4. In the upper right corner, click Create DNS Policy. Then, configure the parameters.
  - Target Service: Select the Service created in 4.
  - Distribution Mode: Select Adaptive. Traffic will be automatically distributed based on the number of pods in each cluster. In this example, both ccecluster01 and ccecluster02 contain one pod, so each cluster receives 50% of the traffic.
Figure 5 Traffic ratio topology

Verifying Multi-Active DR

You have deployed applications in clusters ccecluster01 and ccecluster02 and allowed external access via LoadBalancer Services. After the DNS policy in 5 is created, the system automatically adds a resolution record for the selected root domain name and generates a unified external access path (domain name address) on UCS. This allows you to access the domain name address to verify traffic distribution.
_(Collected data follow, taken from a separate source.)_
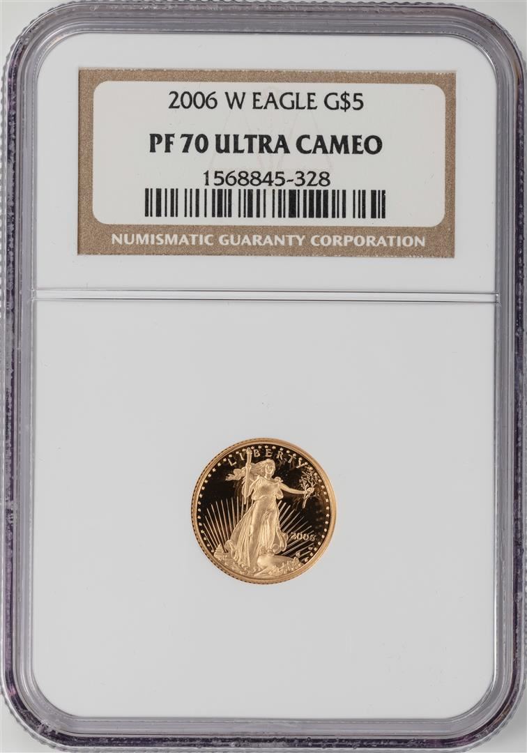 One 2006-W Proof $5 American Gold Eagle Coin NGC PF70 Ultra Cameo. NGC Certified.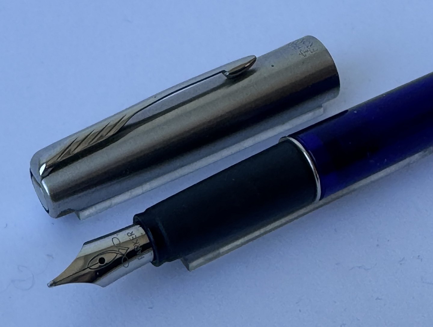 Blue Parker Frontier fountain pen with steel cap. Manufactured from the mid-1990s. Ready to be used when a new ink cartridge is inserted. L. 13.3 cm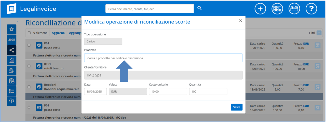 Se un prodotto è già in anagrafica, al fine di abbinare le scorte provenienti dal fornitore al prodotto giusto, è possibile utilizzare la funzione MODIFICA: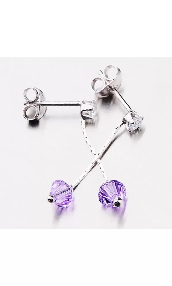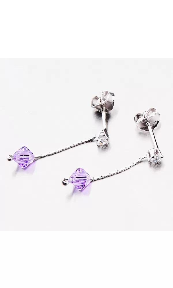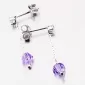 Visací náušnice jsou tvořeny řetízkem na, který je ukončen zářivým krystalem ve fialové barvě. Krystal je vsazen i na začátku náušnice. Tento krystal je uchycen čtyřmi krapnami. Visací náušnice se zapínají na puzety.

Obtain the domain name address.
1. Log in to the UCS console. In the navigation pane, choose Fleets.
2. Click the name of the fleet for which cluster federation has been enabled. The fleet console is displayed.
3. In the navigation pane, choose Federation > DNS Policies. The value of Domain Name Address in the list is the domain name address.
Run the following command on a host that has been connected to the public network to continuously access the domain name address and check the cluster application processing status.
- Generally, applications in both clusters receive traffic and each cluster processes 50% of the traffic.
```
while true;do wget -q -O- helloworld.default.mcp-xxx.svc.xxx.co:8800; done
ccecluster01 is in Guangzhou.
ccecluster02 is in Shanghai.
ccecluster01 is in Guangzhou.
ccecluster02 is in Shanghai.
ccecluster01 is in Guangzhou.
ccecluster02 is in Shanghai.
...
```
- When an application exception occurs on ccecluster01 (simulating an application exception by shutting down a cluster node), the system routes all traffic to ccecluster02, so that users are unaware of the exception.
```
while true;do wget -q -O- helloworld.default.mcp-xxx.svc.xxx.co:8800; done
ccecluster02 is in Shanghai.
ccecluster02 is in Shanghai.
ccecluster02 is in Shanghai.
ccecluster02 is in Shanghai.
ccecluster02 is in Shanghai.
ccecluster02 is in Shanghai.
...
```
  Return to the UCS console. You can see that the cluster traffic ratio in the domain name list has changed. ccecluster02 takes over 100% traffic, which is consistent with the configured traffic ratio and what we have observed.